Try it
Only those lines in the data below from the line containing "美國原油期貨結算價報每桶32" through the line containing "Here's Tracey with", both included, should be restated word for word.

Supplied records
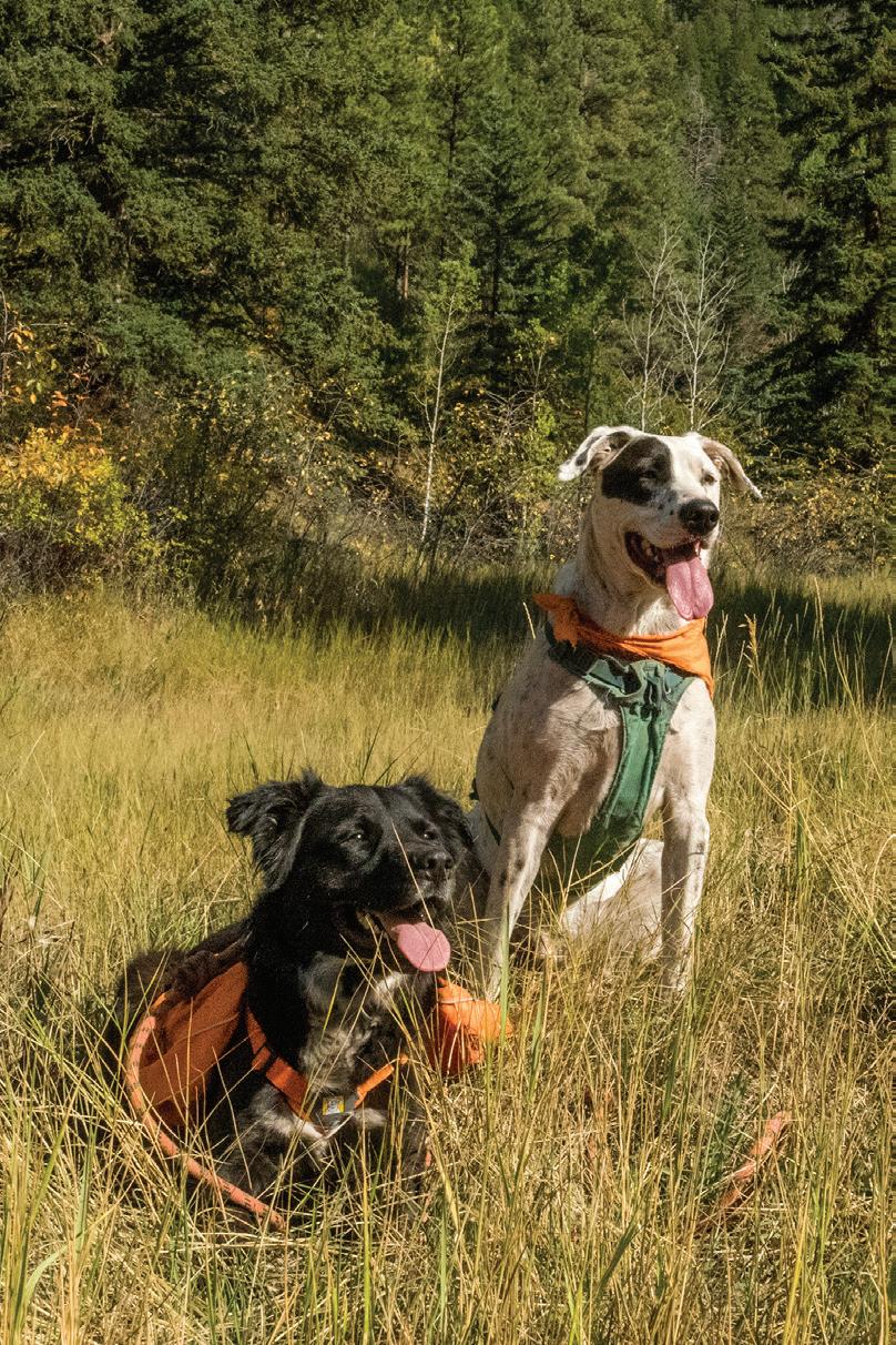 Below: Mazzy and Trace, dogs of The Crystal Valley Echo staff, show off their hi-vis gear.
--
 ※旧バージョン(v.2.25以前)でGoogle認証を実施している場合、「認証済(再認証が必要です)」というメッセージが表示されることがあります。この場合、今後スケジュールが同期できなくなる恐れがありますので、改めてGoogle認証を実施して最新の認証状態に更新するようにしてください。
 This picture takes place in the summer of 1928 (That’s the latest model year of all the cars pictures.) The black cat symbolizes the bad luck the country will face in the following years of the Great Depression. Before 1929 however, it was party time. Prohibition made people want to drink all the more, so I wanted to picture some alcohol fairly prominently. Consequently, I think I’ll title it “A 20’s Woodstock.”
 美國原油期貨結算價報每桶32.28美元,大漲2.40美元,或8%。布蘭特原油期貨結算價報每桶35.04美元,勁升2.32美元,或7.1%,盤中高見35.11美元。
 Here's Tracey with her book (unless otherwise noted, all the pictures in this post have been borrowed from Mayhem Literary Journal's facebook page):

Response to this exercise
 美國原油期貨結算價報每桶32.28美元,大漲2.40美元,或8%。布蘭特原油期貨結算價報每桶35.04美元,勁升2.32美元,或7.1%,盤中高見35.11美元。
 Here's Tracey with her book (unless otherwise noted, all the pictures in this post have been borrowed from Mayhem Literary Journal's facebook page):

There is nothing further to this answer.